The internal intercostal muscles run opposite to the external intercostals, with fibres directed downward and backward from the superior rib to the inferior rib. They depress the ribs during forced expiration and prevent intercostal spaces from bulging outward during expiration. The innermost intercostals are the deepest layer, separated from the internals by the intercostal neurovascular bundle that runs in the costal groove of the rib above.
| Origin | Inner surface of each rib from the angle to the sternum |
|---|---|
| Insertion | Superior border of the rib below |
| Nerve Supply | Intercostal nerves (T1 through T11) |
| Blood Supply | Anterior and posterior intercostal arteries |
| Actions | Depression of the ribs during forced expiration; Stabilise the intercostal spaces during breathing; Support the intercostal spaces against paradoxical inward movement during inspiration |
|---|
During forced expiration such as coughing, singing, or straining, they actively depress the ribs, reducing thoracic volume and driving air out of the lungs in addition to the passive elastic recoil of the chest wall.
The intercostal neurovascular bundle runs in the costal groove between the internal and innermost intercostal layers, which is why chest drain insertion and thoracocentesis are performed at the upper border of the rib below to avoid the neurovascular bundle at the lower border.
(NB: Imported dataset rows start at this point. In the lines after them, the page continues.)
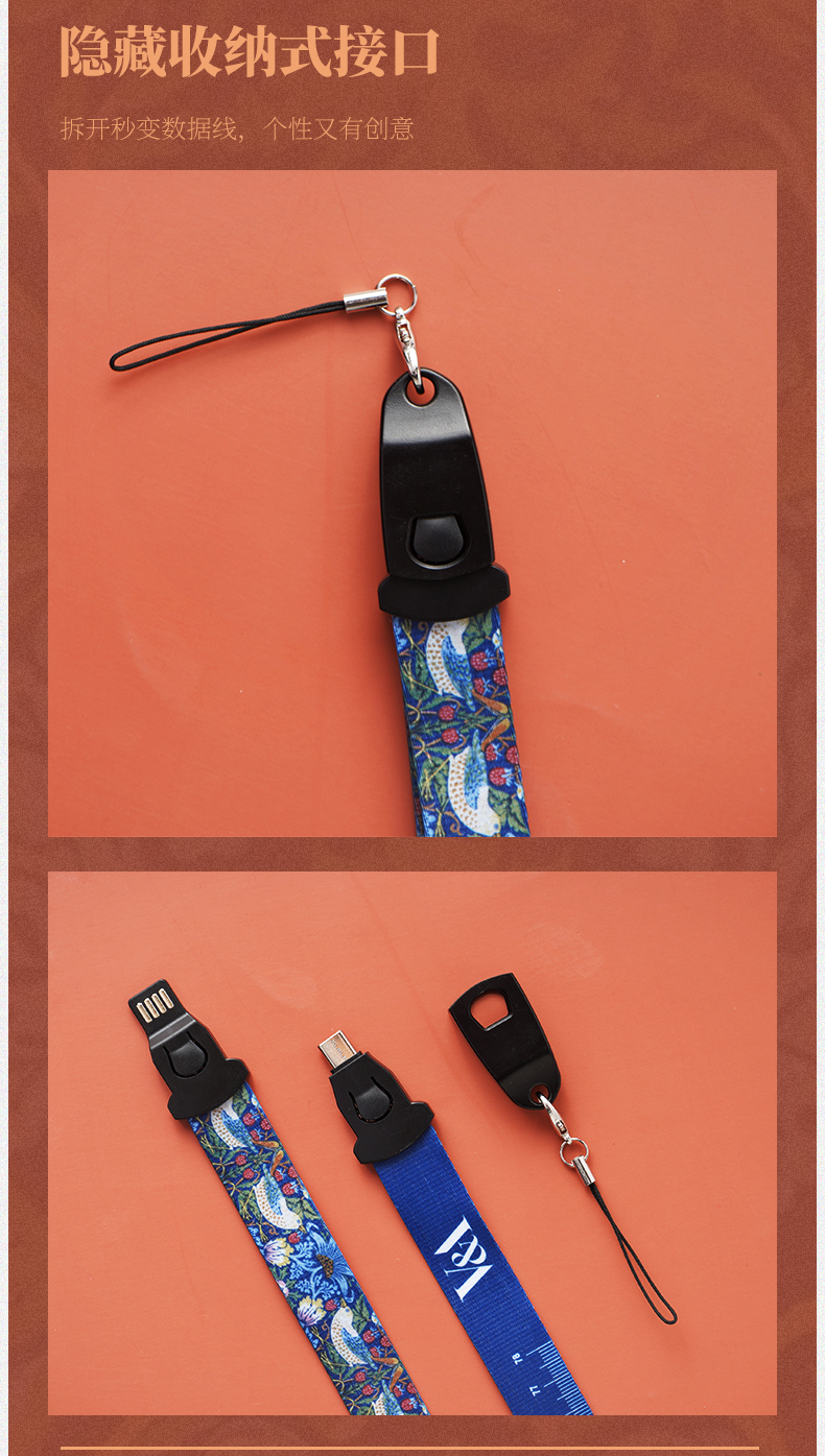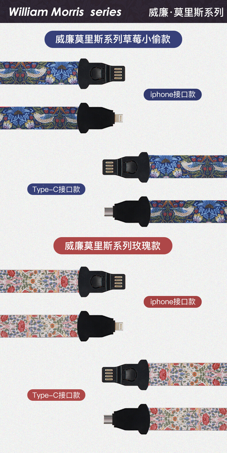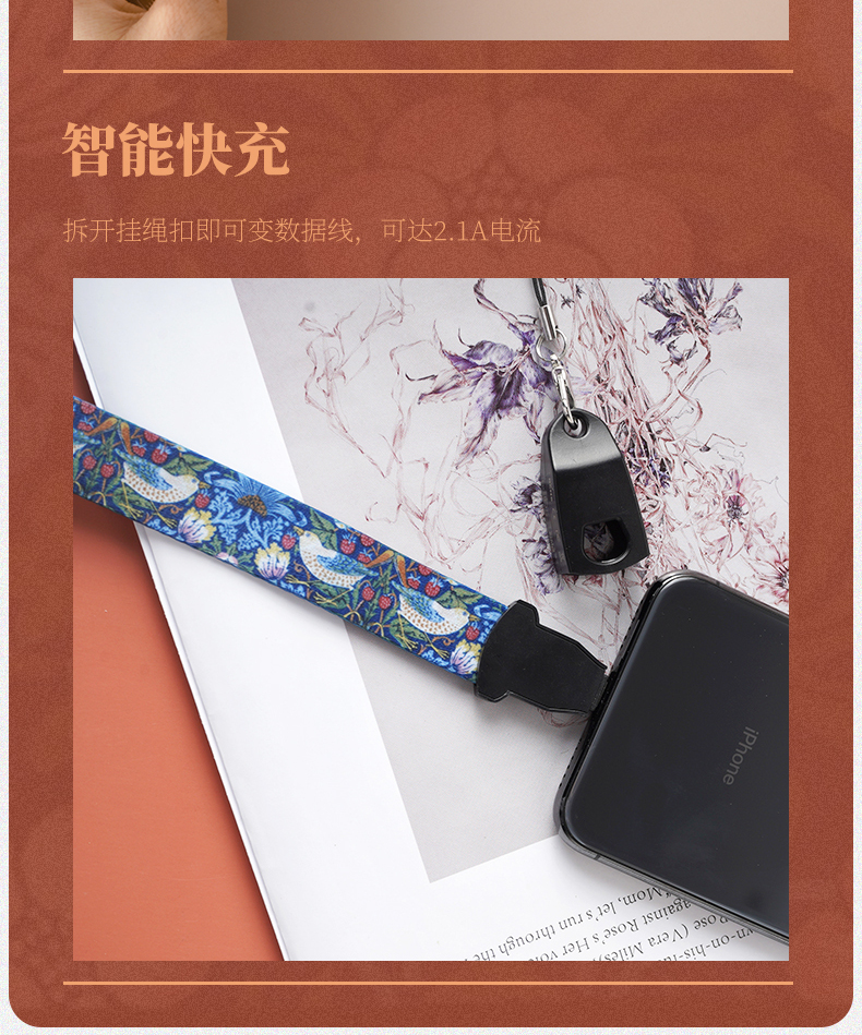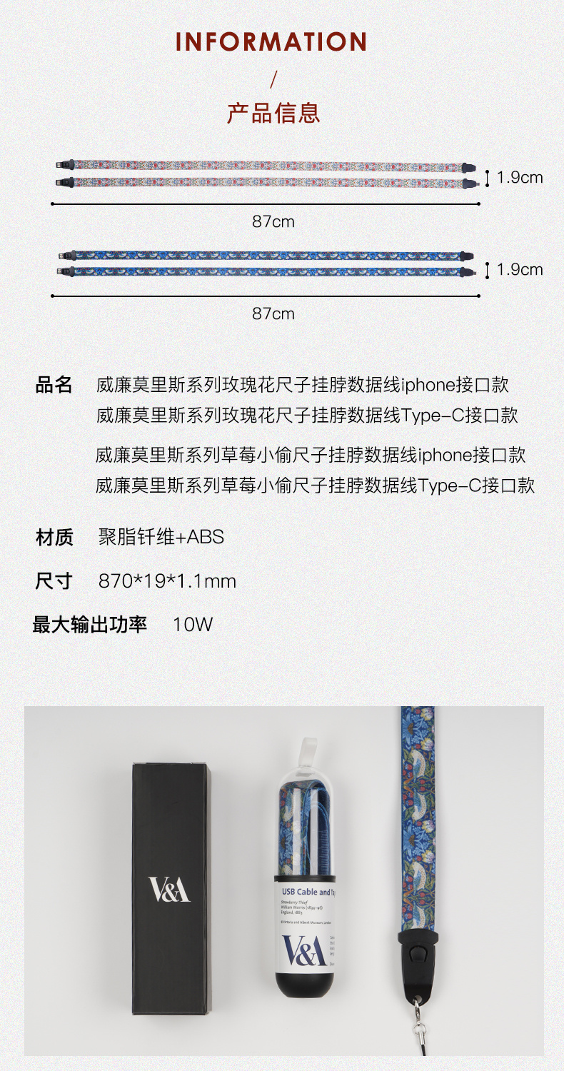 V&A博物馆莫里斯莓小偷玫瑰系列苹果typec创意多功能挂绳数据线
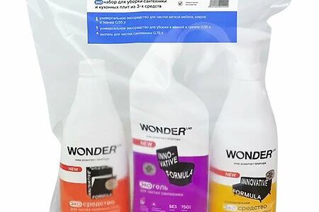 WONDER LAB набор экологичных средств для уборки из 3-х средств по выгодной цене:1. Экогель для чистки сантехники 0,75 л2. Экосредство для чистки кухонных плит и духовых шкафов и грилей 0,55 л3. Универсальное экосредство для чистки мягкой мебели, ковров и тканей 0,55 л
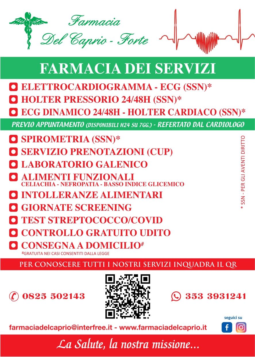 Presso la Farmacia del Caprio, sita a Montoro in provincia di Avellino, potrete trovare un'ampia scelta di servizi e prodotti farmaceutici. Se volete saperne di più sui servizi offerti dalla farmacia non esitate a chiamarci! In alternativa, venite direttamente a trovarci in sede e richiedete consiglio allo staff.
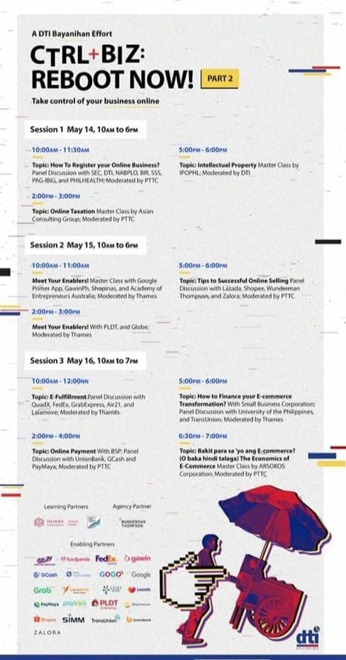 The DTI E-Commerce Office and its partners are proud to bring CTRL+Biz Reboot Now series 2. Don’t forget to watch on Facebook Live @dti.ecommerce |
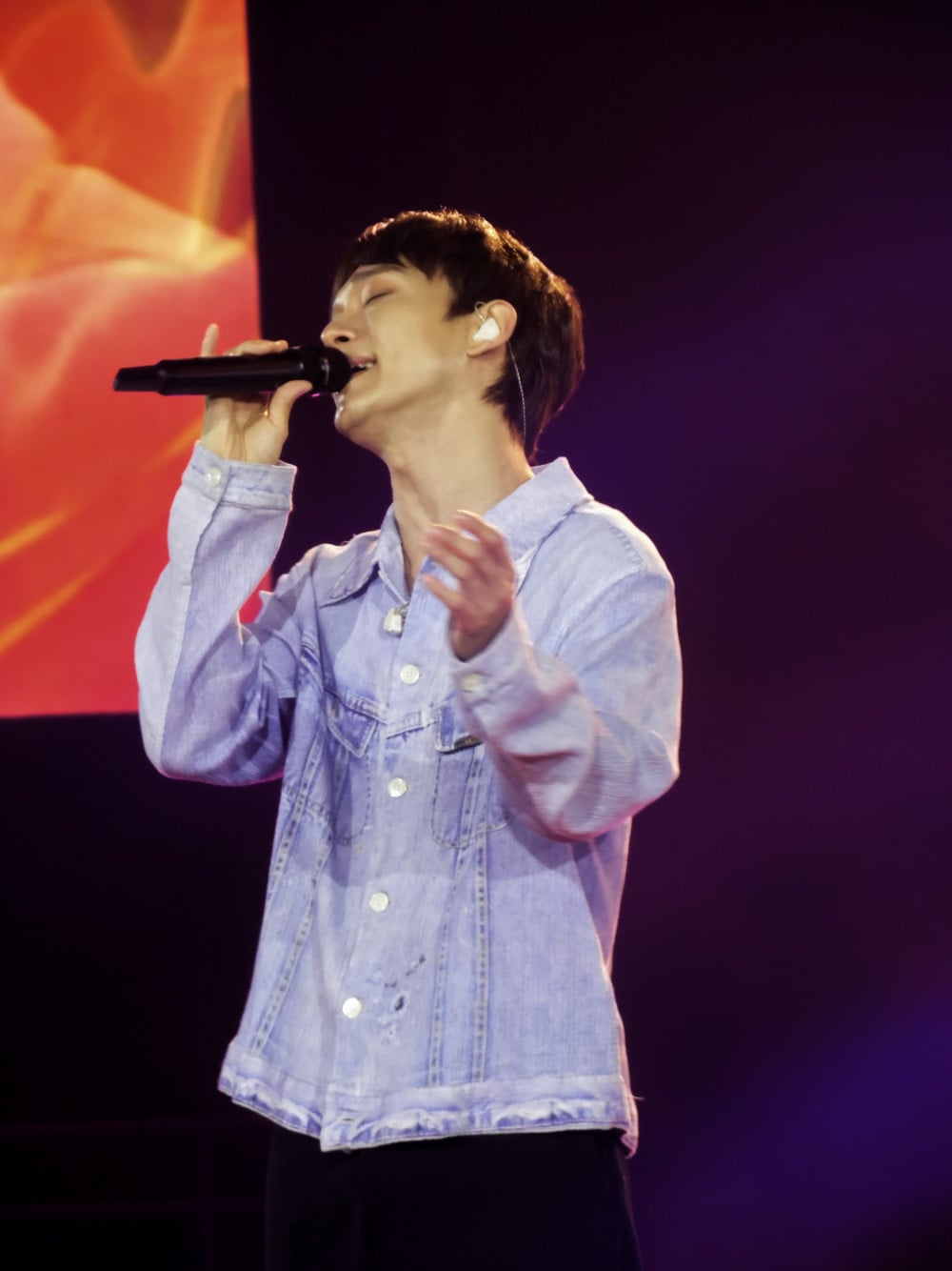 The loud screams from the Filipino audience persisted as Chen took the stage after XIumin. First, he gave a powerful performance of his most recent song, "Last Scene," the title track from his recently released third mini-album. The stylish song "I Don't Even Mind," which featured his upbeat, crystal-clear voice, was the next song he performed.

Intercostal nerve block is delivered in this same anatomical space.
The internal intercostals are not directly distinguishable from the external intercostals on palpation, as both layers fill the intercostal space. Intercostal tenderness from below the rib angle more likely indicates internal intercostal involvement.
Tearing of the internal or external intercostal fibres from forceful coughing or rib impact producing well-localised chest wall pain reproduced by breathing and palpation, managed with analgesics.